Harrington v. Asset Acceptance, LLC

270 S.W.3d 405, 67 U.C.C. Rep. Serv. 2d (West) 813, 2008 Ky. App. LEXIS 309, 2008 WL 4531376
CourtCourt of Appeals of Kentucky
DecidedOctober 10, 2008
Docket2007-CA-002400-MR
StatusPublished

This text of 270 S.W.3d 405 (Harrington v. Asset Acceptance, LLC) is published on Counsel Stack Legal Research, covering Court of Appeals of Kentucky primary law. Counsel Stack provides free access to over 12 million legal documents including statutes, case law, regulations, and constitutions.

Bluebook
Harrington v. Asset Acceptance, LLC, 270 S.W.3d 405, 67 U.C.C. Rep. Serv. 2d (West) 813, 2008 Ky. App. LEXIS 309, 2008 WL 4531376 (Ky. Ct. App. 2008).

Opinion

OPINION

MOORE, Judge.

Todd A. Harrington appeals the Oldham Circuit Court’s order denying his motion to alter, amend, or vacate the court’s prior order granting Asset Acceptance, LLC’s (Asset) motion for summary judgment and denying Harrington’s motion for summary judgment. After a careful review of the record, we reverse and remand.

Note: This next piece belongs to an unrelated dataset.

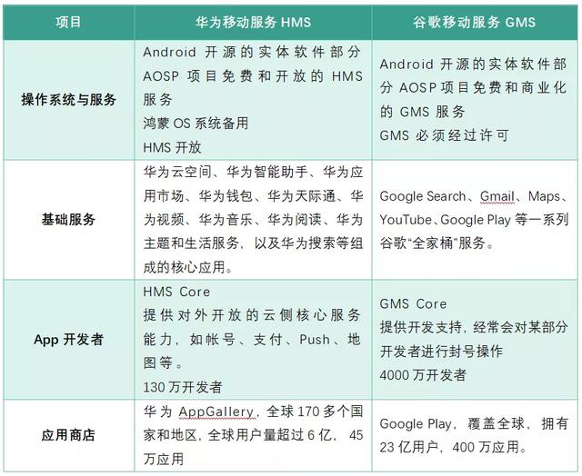 应该看到,华为HMS与谷歌GMS生态之间的差距:

I. FACTUAL AND PROCEDURAL BACKGROUND

Harrington applied for an installment loan with Fifth Third Bank (Fifth Third) and entered into a simple interest note and security agreement with Fifth Third in March 1999 for the principal amount of $20,211.59. To secure the loan, Fifth Third retained a security interest in a Chevrolet Blazer vehicle of Harrington’s.

Fifth Third repossessed Harrington’s Blazer because he failed to maintain vehicle liability insurance as required by the contract. The last payment Harrington made on the account was in February 2000. The Blazer was sold by Fifth Third. Subsequently, in March 2002 Fifth Third sold certain accounts to Asset, including Harrington’s deficient account.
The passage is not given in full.